■ Records to process ■
============================================================
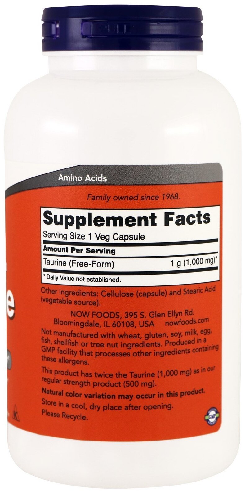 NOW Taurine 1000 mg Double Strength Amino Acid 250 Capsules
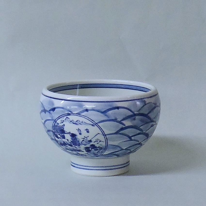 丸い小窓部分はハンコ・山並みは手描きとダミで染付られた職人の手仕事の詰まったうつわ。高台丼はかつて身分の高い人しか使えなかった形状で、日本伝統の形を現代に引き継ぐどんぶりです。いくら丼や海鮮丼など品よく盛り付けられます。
============================================================
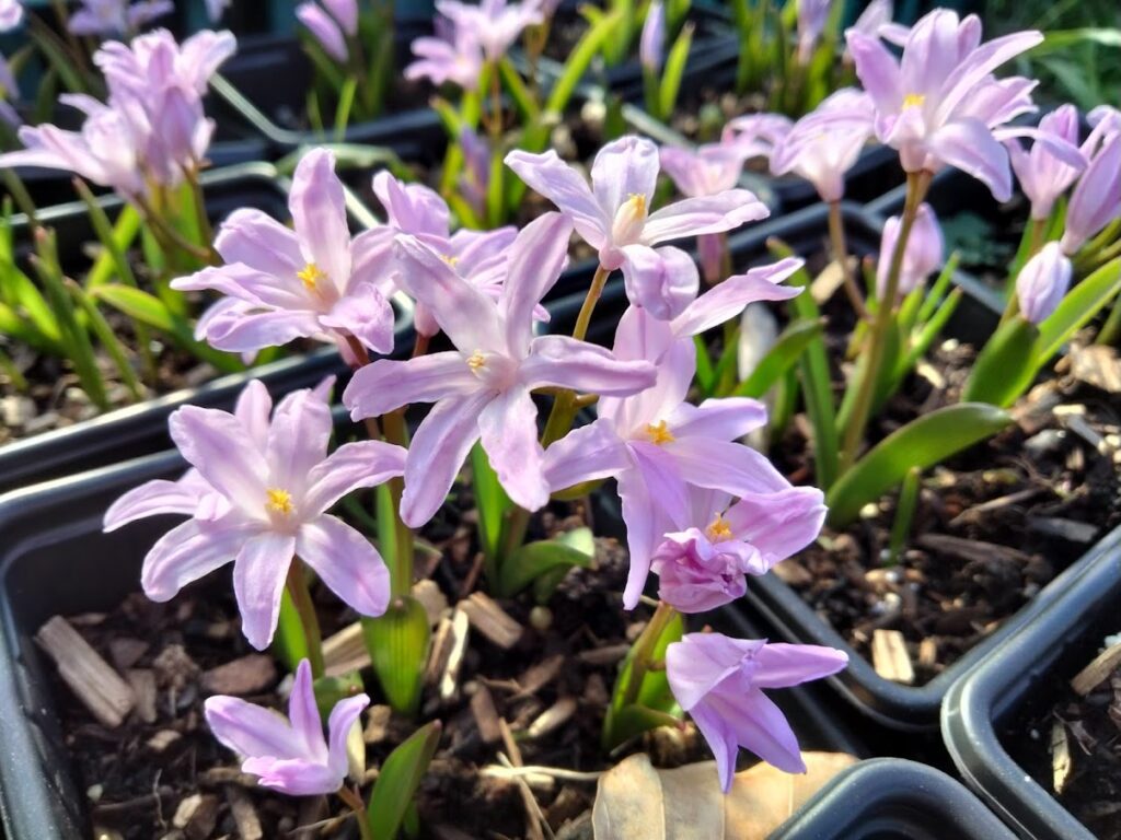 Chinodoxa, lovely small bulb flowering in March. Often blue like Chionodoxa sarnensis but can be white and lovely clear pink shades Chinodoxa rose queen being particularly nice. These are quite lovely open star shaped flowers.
============================================================
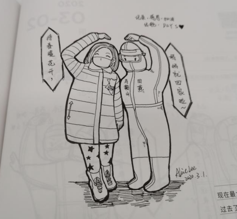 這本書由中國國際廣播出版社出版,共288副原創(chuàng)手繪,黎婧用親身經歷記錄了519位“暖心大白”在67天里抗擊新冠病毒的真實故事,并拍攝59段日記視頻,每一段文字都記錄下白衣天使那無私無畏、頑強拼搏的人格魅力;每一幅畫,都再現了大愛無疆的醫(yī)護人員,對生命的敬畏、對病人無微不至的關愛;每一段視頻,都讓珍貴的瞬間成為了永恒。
============================================================
Skip every picture, and restate word for word only the lines above from the line containing "NOW Taurine 1000" to the line containing "丸い小窓部分はハンコ・山並み", both of them included.

 NOW Taurine 1000 mg Double Strength Amino Acid 250 Capsules
 丸い小窓部分はハンコ・山並みは手描きとダミで染付られた職人の手仕事の詰まったうつわ。高台丼はかつて身分の高い人しか使えなかった形状で、日本伝統の形を現代に引き継ぐどんぶりです。いくら丼や海鮮丼など品よく盛り付けられます。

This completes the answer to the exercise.